Background: In the creation of arteriovenous fistulas (AVF) for hemodialysis, regional brachial plexus block (BPB) has a sympatholytic effect, increasing blood flow and diameters in the vessels.

Methods: A prospective, randomized, clinical-surgical pilot study was carried out, comprising 40 patients, randomly allocated into two groups (BPB or local anesthesia-LA). The diameter (veins and arteries), and the flow, peak systolic velocity (PSV), pulsatility index (PI), and pulsatility index ratio (PIR) of the arteries were evaluated before and after anesthesia. Flow was measured in the AVF at the end of the procedure and 30 days after. To analyze pain perception, the visual analog scale (VAS) was applied during anesthesia (T1), during surgery (T2), and at discharge (T3). All analyses were performed using R v. 4.3.1. A p-value <0.05 was considered statistically significant.
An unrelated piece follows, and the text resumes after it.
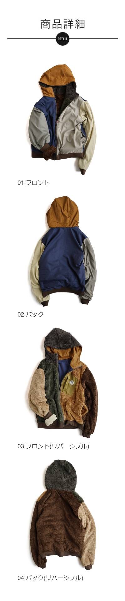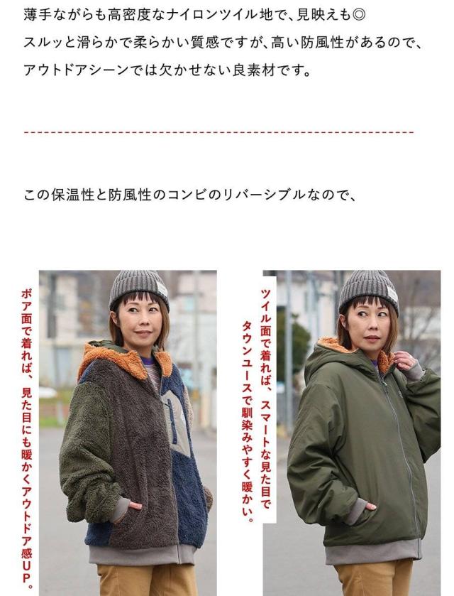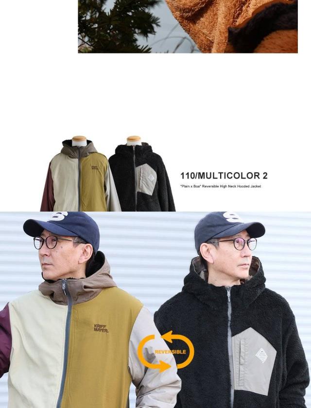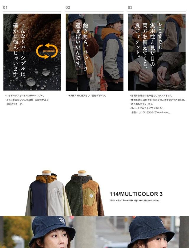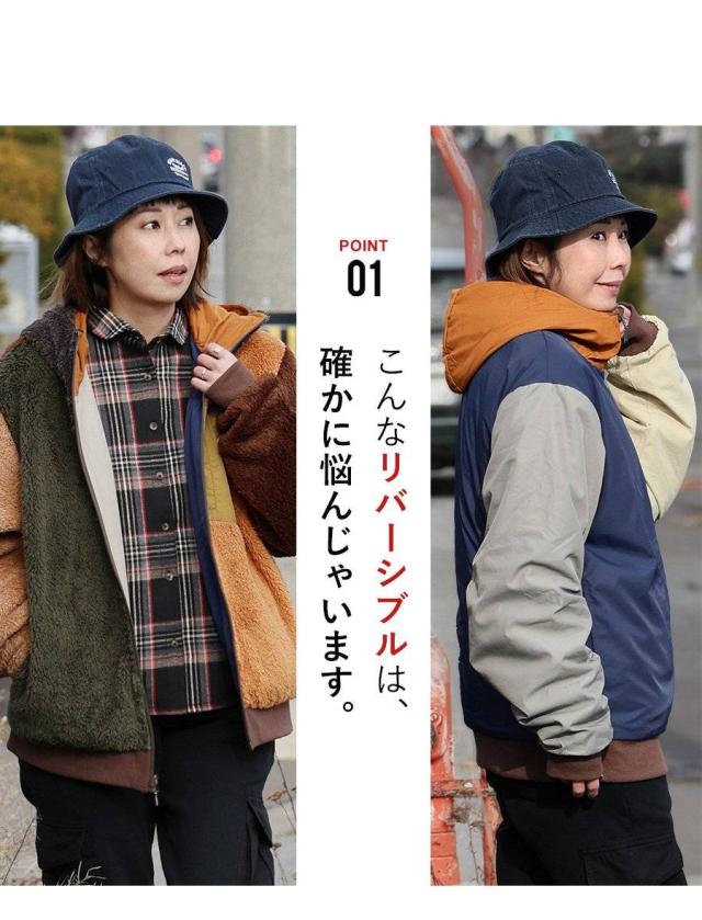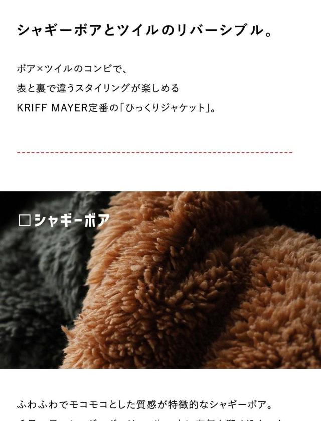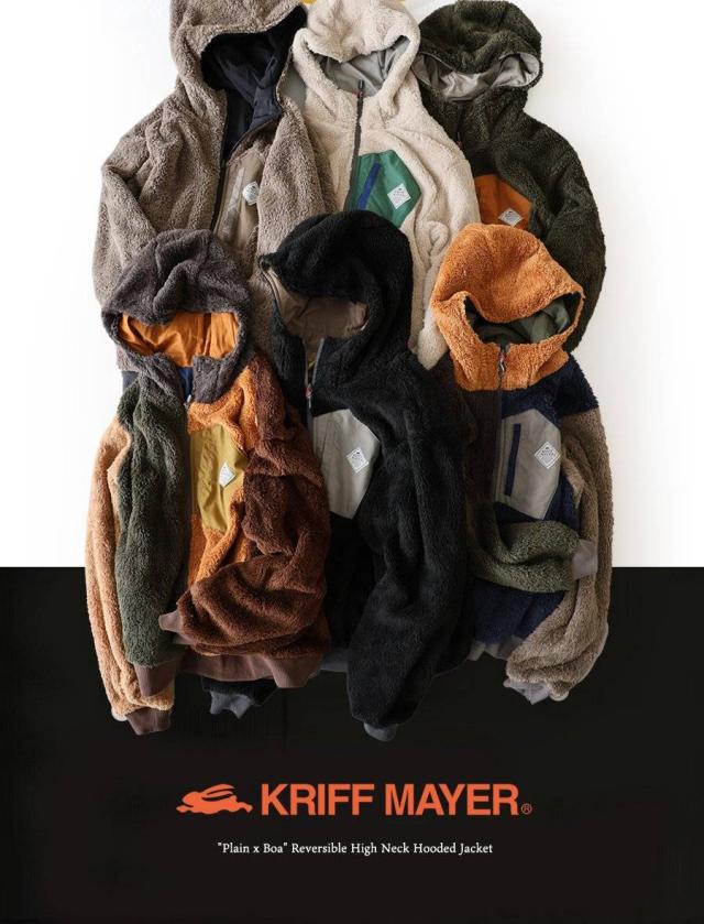 KRIFF MAYER クリフメイヤー アウター ジャケット ひっくりジャケット ハイネック フード パーカー リバーシブル 無地 ボア ポリエステル 防寒 メンズ レディース メンズライク カジュアル アウトドア 冬 冬服 大き目 パティ

Results: Comparing BPB with LA, in the pre- and post-anesthesia periods, there was an increase in the diameters of the cephalic and basilic veins (p < 0.001) and the ulnar artery (p < 0.001). There was a significant increase in the PSV of the radial and brachial (p < 0.001) and ulnar (p = 0.0017) arteries. There was an increase in flow in the radial, ulnar, and brachial arteries (p < 0.001). There was a significant decrease in the PI for the radial (p = 0.0022), ulnar and brachial (p < 0.001) arteries. The BPB group had a significant change in the PIR of the arteries (p < 0.001). Regarding pain perception, the BPB group presented a decrease at T2 (p < 0.001).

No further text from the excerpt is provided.